▸ **Required action**
When you reach the line with "Students dance at" in the data below, begin printing lines exactly, and stop once the line with "Mâu thuẫn vì" has been printed.

▸ **Recorded information**
::::::::
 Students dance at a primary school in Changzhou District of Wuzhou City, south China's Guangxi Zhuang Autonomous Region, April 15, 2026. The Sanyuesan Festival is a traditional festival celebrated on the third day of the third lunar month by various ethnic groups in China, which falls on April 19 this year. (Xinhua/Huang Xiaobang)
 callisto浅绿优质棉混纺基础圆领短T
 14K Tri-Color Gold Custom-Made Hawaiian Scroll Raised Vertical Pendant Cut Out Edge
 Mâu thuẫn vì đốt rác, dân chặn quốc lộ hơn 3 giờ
::::::::
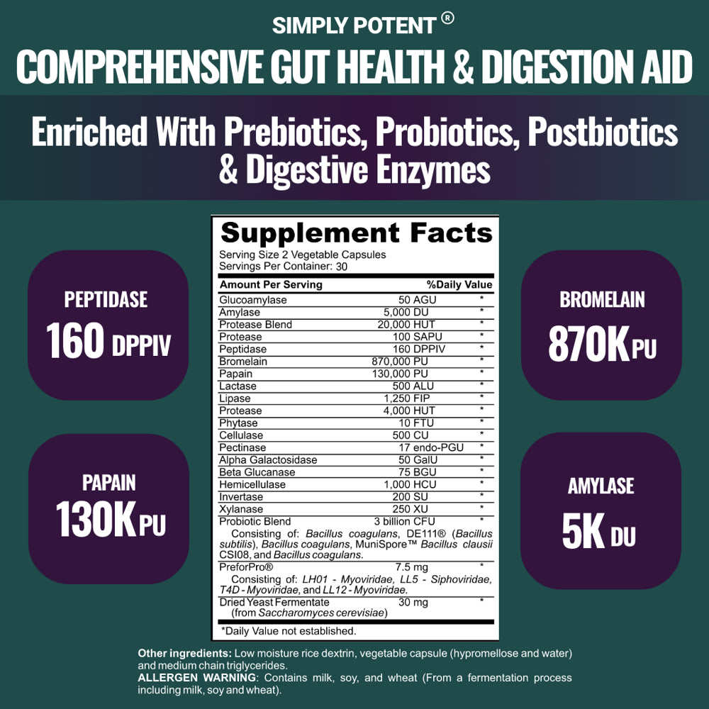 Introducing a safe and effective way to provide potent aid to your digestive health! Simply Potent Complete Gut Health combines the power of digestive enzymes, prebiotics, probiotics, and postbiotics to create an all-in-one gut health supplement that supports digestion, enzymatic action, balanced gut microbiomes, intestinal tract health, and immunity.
::::::::
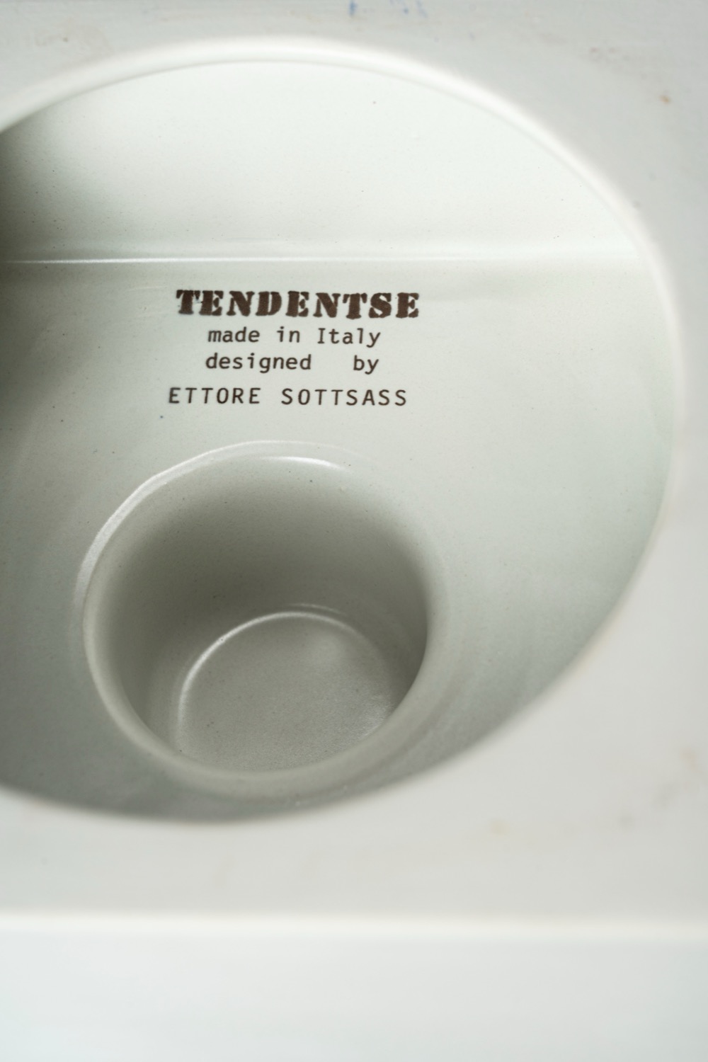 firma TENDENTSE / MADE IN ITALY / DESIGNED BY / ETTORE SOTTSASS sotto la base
::::::::
▸ **Written response**
 Students dance at a primary school in Changzhou District of Wuzhou City, south China's Guangxi Zhuang Autonomous Region, April 15, 2026. The Sanyuesan Festival is a traditional festival celebrated on the third day of the third lunar month by various ethnic groups in China, which falls on April 19 this year. (Xinhua/Huang Xiaobang)
 callisto浅绿优质棉混纺基础圆领短T
 14K Tri-Color Gold Custom-Made Hawaiian Scroll Raised Vertical Pendant Cut Out Edge
 Mâu thuẫn vì đốt rác, dân chặn quốc lộ hơn 3 giờ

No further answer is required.